For the data below, transcribe the part that opens with the line containing "LLCOM是一个.NET开源" and closes with the line containing "在安防展上,国内人工智能独角", exactly and with no pictures.

Segment Start: Materials provided

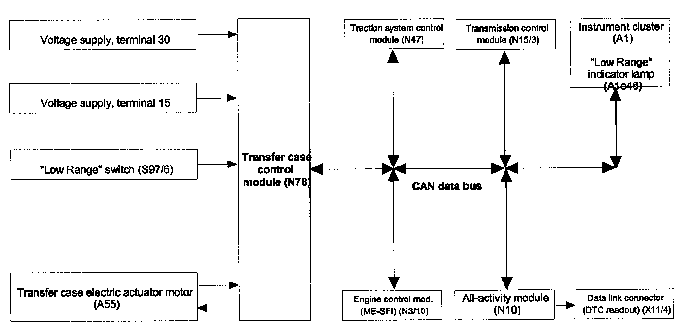 The transfer case control module (N78) receives input signals from the "Low Range" switch (S97/6) and the voltage supply from the battery (terminal 30) and from the ignition lock (terminal 15). In addition there is a connection to the engine control module (N3/10) via the CAN data bus as well as to the traction system control module (N47), transmission control module (N15/3) and the instrument cluster (A1).
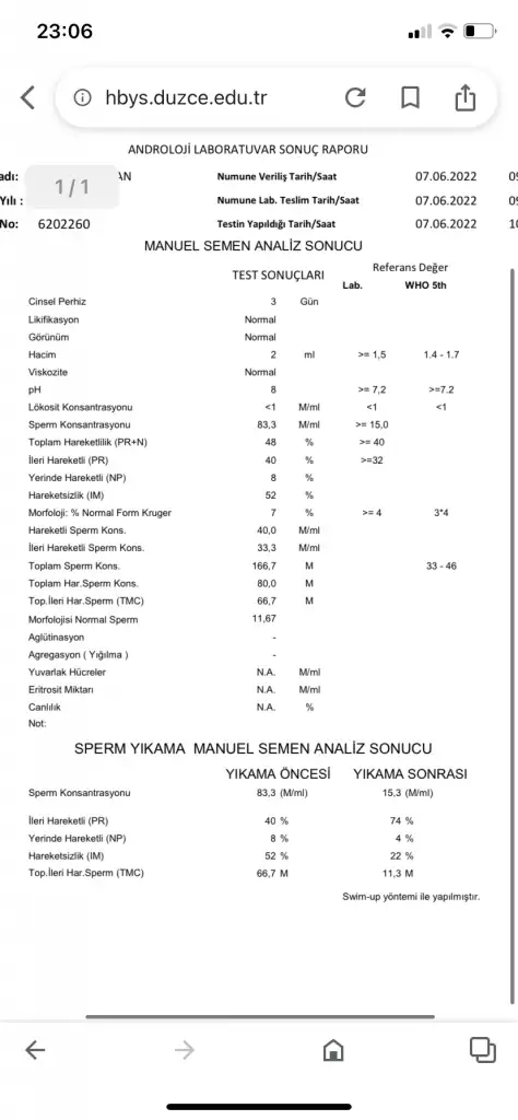 Heh işte süzinki 3 parçalı test sonucu. Ama bilmiyorum benim gözlemledğim çoğu insanın zaten 40 larda değeri ve hamile kalıyolar. İnşallah bizim de böyle olur. Olmazsa ben kasımda gidicem zaten doktora bakalım o zaman aşılama falan yapar belkiBizimkide bu sekilde normal gebelik düşük diyor aşılama daha sansli oluyor demisti yikama sonrasi degerleride önemli bizimki arttigi icin asilama sansi yuksek diyor
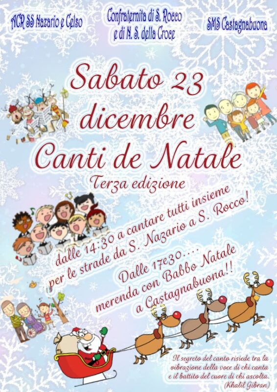 Varazze. Sabato 23 dicembre a Castagnabuona la Confraternita San Rocco e Nostra Signora della Croce organizza un pomeriggio di festa. Dalle ore 14:30 circa si percorreranno le borgate della frazione con i bambini dell’Azione Cattolica Ragazzi della Parrocchia Santi Nazario e Celso, eseguendo canti di Natale, facendo visita agli anziani e portando loro gli auguri per le festività. Arrivati in piazza, in collaborazione con la locale società di mutuo soccorso ci sarà una merenda per attendere l’arrivo di Babbo Natale, che porterà doni ai bambini.
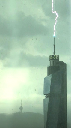 Mada uopšte nije rijetkost da za vrijeme velikog nevremena i oluja grom udari u najvišu zgradu na Balkanu ”Avaz Twist Tower” (175 metara), današnju takvu situaciju snimio je Sarajlija Midhat Poturović.
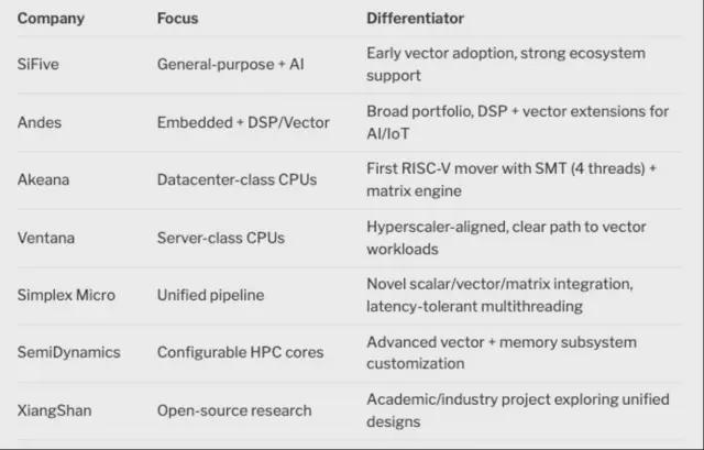 SiFive重點推出了支持Linux 和矢量的 RISC-V 內核,旨在滿足 HPC 和基礎設施的需求。晶心科技已擴展其內核,使其具備矢量和DSP功能,以實現嵌入式加速。Simplex Micro 正在開發一種統一的標量/矢量/矩陣架構,並配備可編程擴展功能,旨在覆蓋從邊緣到數據中心級的基礎設施解決方案。在研究層面,中國的“香山”已在同一個架構下進行標量和矢量統一的實驗。
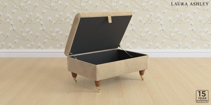 7.3.1 Buy Kingston by Laura Ashley Storage Footstool Peyton Sable Natural Low Brass Castor - Teak from the Seasons online shop Click here to use our website with more accessibility support, for example screen readers
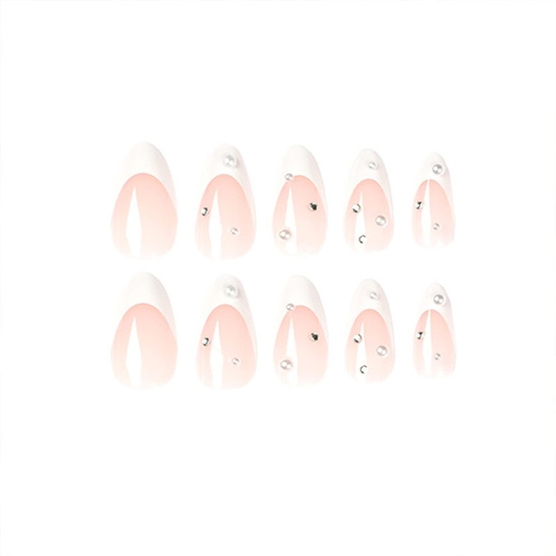 DOCVOEOMH French Tips Press on Nails Almond Shaped White Fake Nails with Rhinestones Design Medium Length Acrylic Glue on False Nail Stick on Nails for Women 24PCS
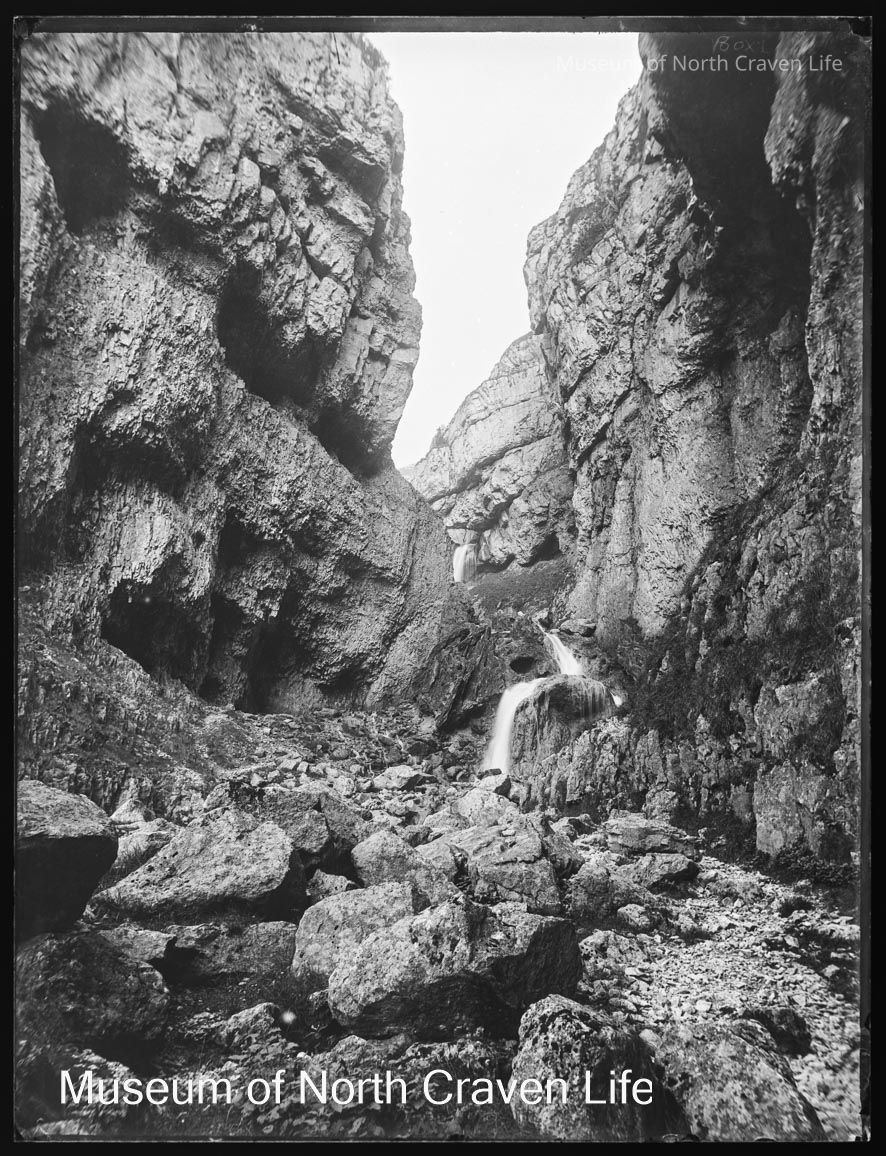 A full-plate gelatin silver glass negative. View of Gordale Scar from bottom, with limestone cliffs and waterfallsCollection
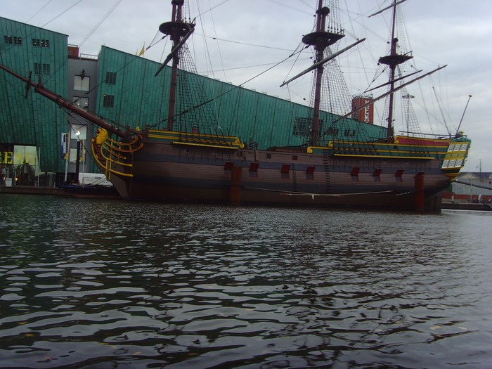 i don't know the name but its in amsterdam. behind the ship (green building) is science meusum (its called NEMO)
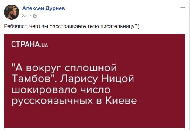 "Сын пригласил в кино. Побежал за попкорном. Стою. Одна. Посреди великого русского моря. Одна. Песчинка. А вокруг сплошной тамбов", – пишет Ницой, имея ввиду русскоязычных украинцев.
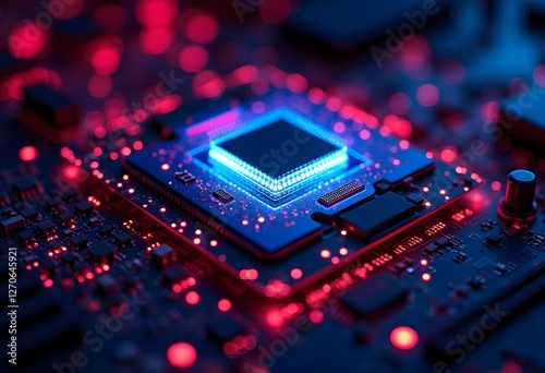 © Mahmudul, Fototapeta premium AI. Circuit board. Technology background. Central Computer Processors CPU concept. Motherboard digital chip. Tech science background. Integrated communication processor. 3D illustration
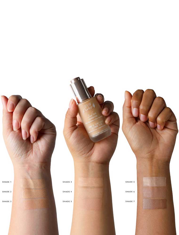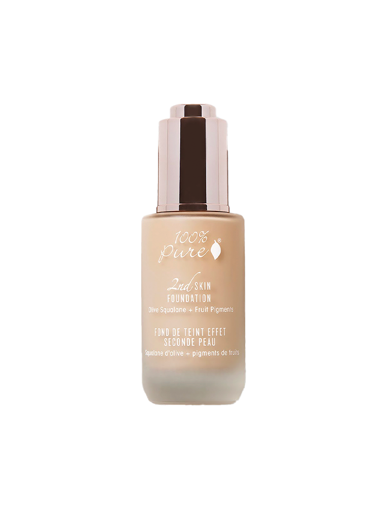 The 100% Pure 2nd Skin Foundation is an innovative serum formulation designed to provide a natural, second-skin effect with ultralight feel and buildable medium coverage. This antioxidant-rich formula features Olive Squalane that helps moisturise and soothe skin whilst Turmeric Extract helps brighten and Vitamin E provides antioxidant benefits. Enhanced with Bamboo Silica that helps control excess oil whilst Calendula helps calm the appearance of breakouts for a smooth, natural-looking complexion. Available in Shade 1 (fair with neutral undertone), Shade 2 (light with warm peach undertone), Shade 3 (light medium with warm undertone), Shade 4 (medium with warm undertone), Shade 5 (tan with neutral undertone), Shade 6 (dark with neutral undertone), and Shade 7 (dark with neutral undertone). Made in the USA, packaged in glass and vegan.
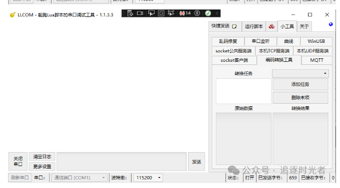 LLCOM是一个.NET开源的、功能强大的串口调试工具。支持Lua自动化处理、串口调试、串口监听、串口曲线、TCP测试、MQTT测试、编码转换、乱码恢复等功能。
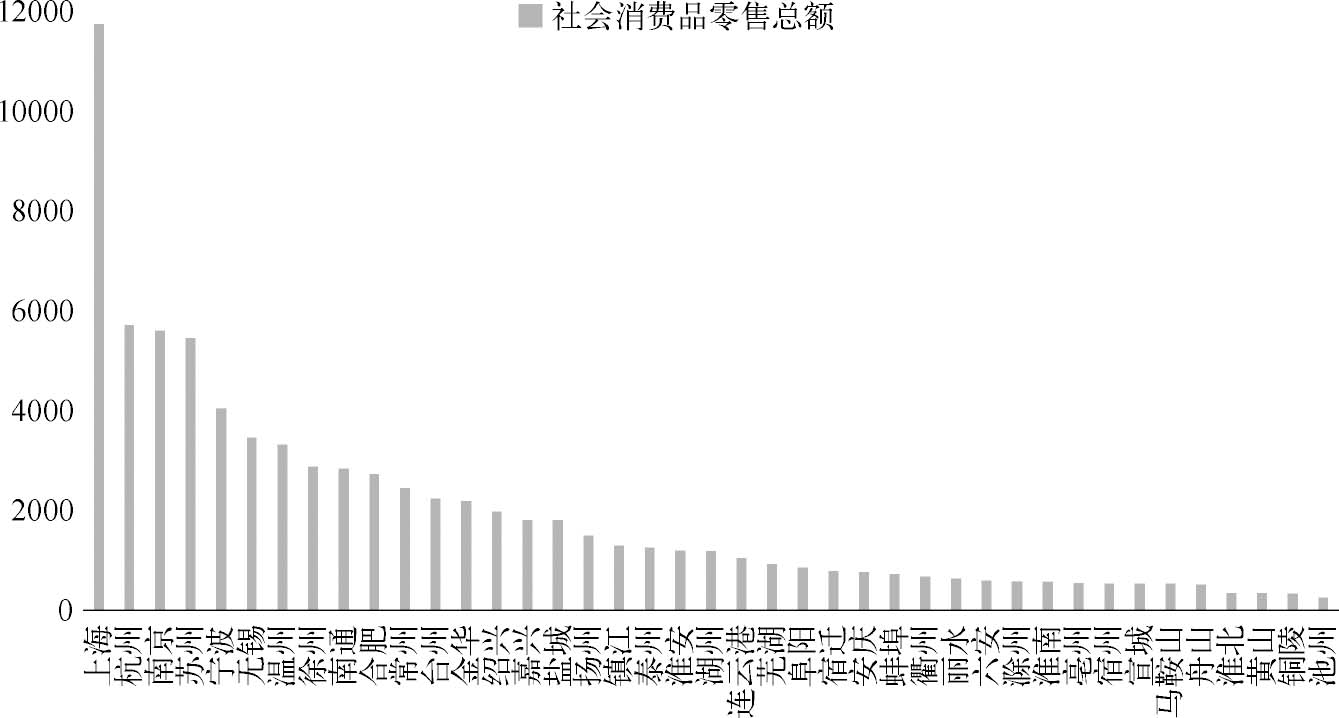 图4-6反映了上海市在居民生活水平、商品购买力和市场规模等方面在国内城市中具有无可比拟的综合优势。从整体上看,大多数城市社会消费品零售总额在6 000亿以下,不及上海的一半,表明除上海外长三角地级市的社会消费品零售业态还处于较弱的发展状态。此外,浙江、江苏的各地级市整体排名较为靠前,而安徽的各地级市整体排名比较靠后,如排名后四位的淮北、黄山、铜陵、池州均为安徽的城市,说明浙江、江苏在这方面与上海的差距十分明显,同时安徽与浙江、江苏的差距亦十分明显。
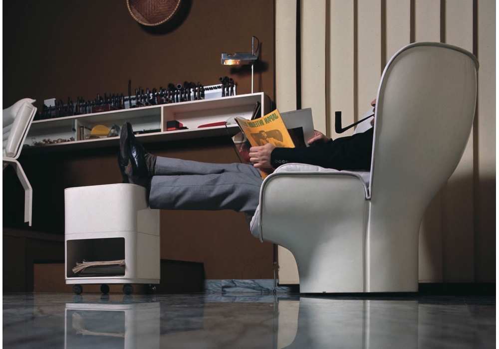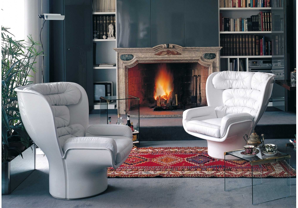 Elda firmata da Joe Colombo per Longhi è una poltrona con scocca girevole a 360° realizzata in vetroresina lavorata a mano, rivestimento interno in pelle o tessuto non sfoderabile imbottito con poliuretano espanso a quote differenziate, anatomiche, ricoperte in Dacron. Su richiesta è disponibile con scocca metallizzata o interamente rivestita in pelle.
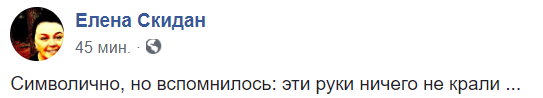 "Символично, но вспомнилось: эти руки ничего не крали", - пишет журналистка Елена Скидан.
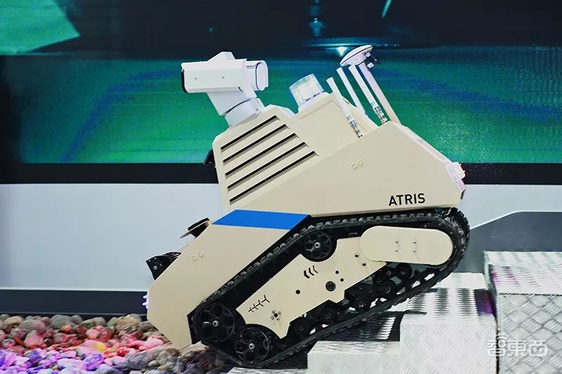 在安防展上,国内人工智能独角兽、人形机器人企业优必选的展台围满了专业观众。搭建的展台中央有两台智能巡检机器人ATRIS(安巡士),优必选还为其搭配了用于全地形演示的模拟路面环境,台阶、斜坡、石头。
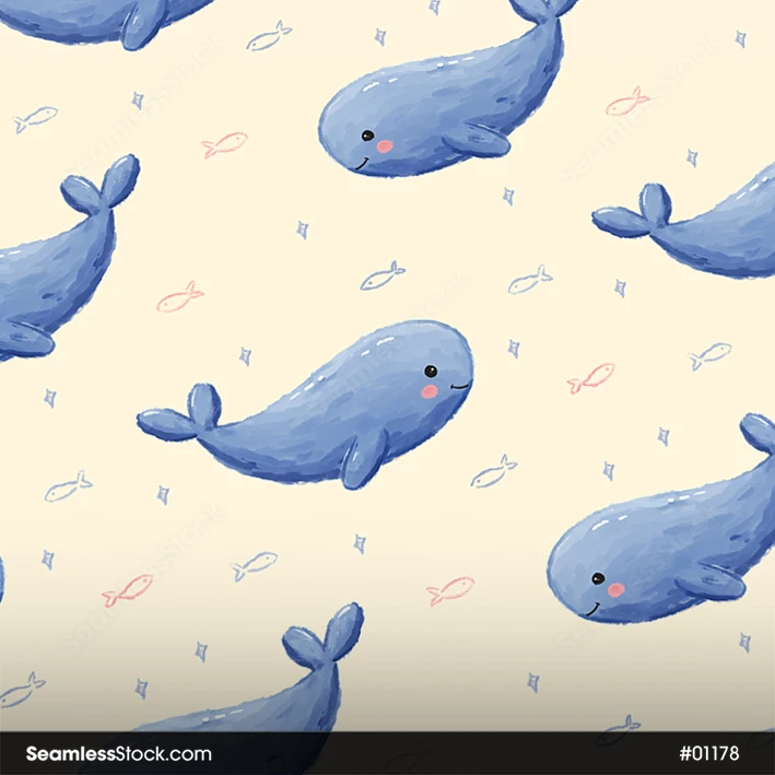 Explore the wonders of the ocean with this Cute Whales On Deep Sea Seamless Pattern! Perfect for nautical textiles, nursery wallpapers, and aquatic gift wrap. 🐳💙
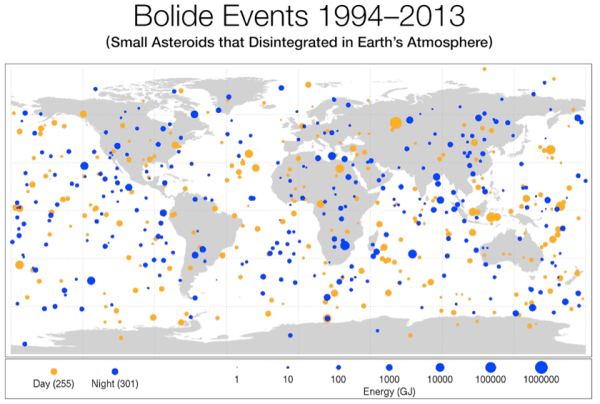 1. Atmosphere. The Earth has an atmosphere that not only makes life on our planet possible, but it protects us from impacts, acting like a layer of bubble wrap against meteors. Have you ever watched a meteor shower? Those streaks of light are bits of rock that are burning up as they pass through the layer of air surrounding Earth. Because of the high speed of the fragments and the density of the air particles, there is a lot of friction. Rub your hands together really fast, and you can feel what happens when friction increases: things can get really hot! These fragments get hot enough to burn up in the atmosphere completely, so most of them never reach Earth. Sometimes, larger things can make it through, like what happened in Chelyabinsk, Russia, in 2013, and Tunguska, Russia, in 1908. At times during Earth’s history, some really big things have made it through, like the asteroid or comet that caused the extinction of the dinosaurs (and about 75% of the rest of living creatures) about 70 million years ago. These occurrences are rare, but they do happen, which is one reason for NASA’s DART mission.
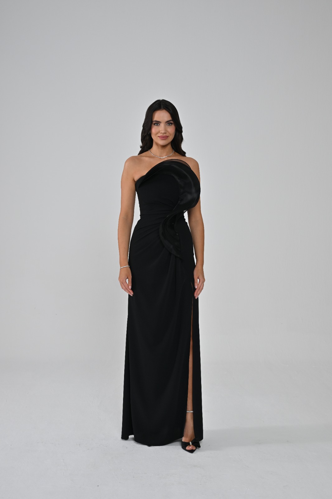 فستان من التفته بفتحة ساق وقصة صدر مختلفة من كولكشن الفا بيتا 2026

Segment End: Materials provided

Output:
 LLCOM是一个.NET开源的、功能强大的串口调试工具。支持Lua自动化处理、串口调试、串口监听、串口曲线、TCP测试、MQTT测试、编码转换、乱码恢复等功能。
 图4-6反映了上海市在居民生活水平、商品购买力和市场规模等方面在国内城市中具有无可比拟的综合优势。从整体上看,大多数城市社会消费品零售总额在6 000亿以下,不及上海的一半,表明除上海外长三角地级市的社会消费品零售业态还处于较弱的发展状态。此外,浙江、江苏的各地级市整体排名较为靠前,而安徽的各地级市整体排名比较靠后,如排名后四位的淮北、黄山、铜陵、池州均为安徽的城市,说明浙江、江苏在这方面与上海的差距十分明显,同时安徽与浙江、江苏的差距亦十分明显。
 Elda firmata da Joe Colombo per Longhi è una poltrona con scocca girevole a 360° realizzata in vetroresina lavorata a mano, rivestimento interno in pelle o tessuto non sfoderabile imbottito con poliuretano espanso a quote differenziate, anatomiche, ricoperte in Dacron. Su richiesta è disponibile con scocca metallizzata o interamente rivestita in pelle.
 "Символично, но вспомнилось: эти руки ничего не крали", - пишет журналистка Елена Скидан.
 在安防展上,国内人工智能独角兽、人形机器人企业优必选的展台围满了专业观众。搭建的展台中央有两台智能巡检机器人ATRIS(安巡士),优必选还为其搭配了用于全地形演示的模拟路面环境,台阶、斜坡、石头。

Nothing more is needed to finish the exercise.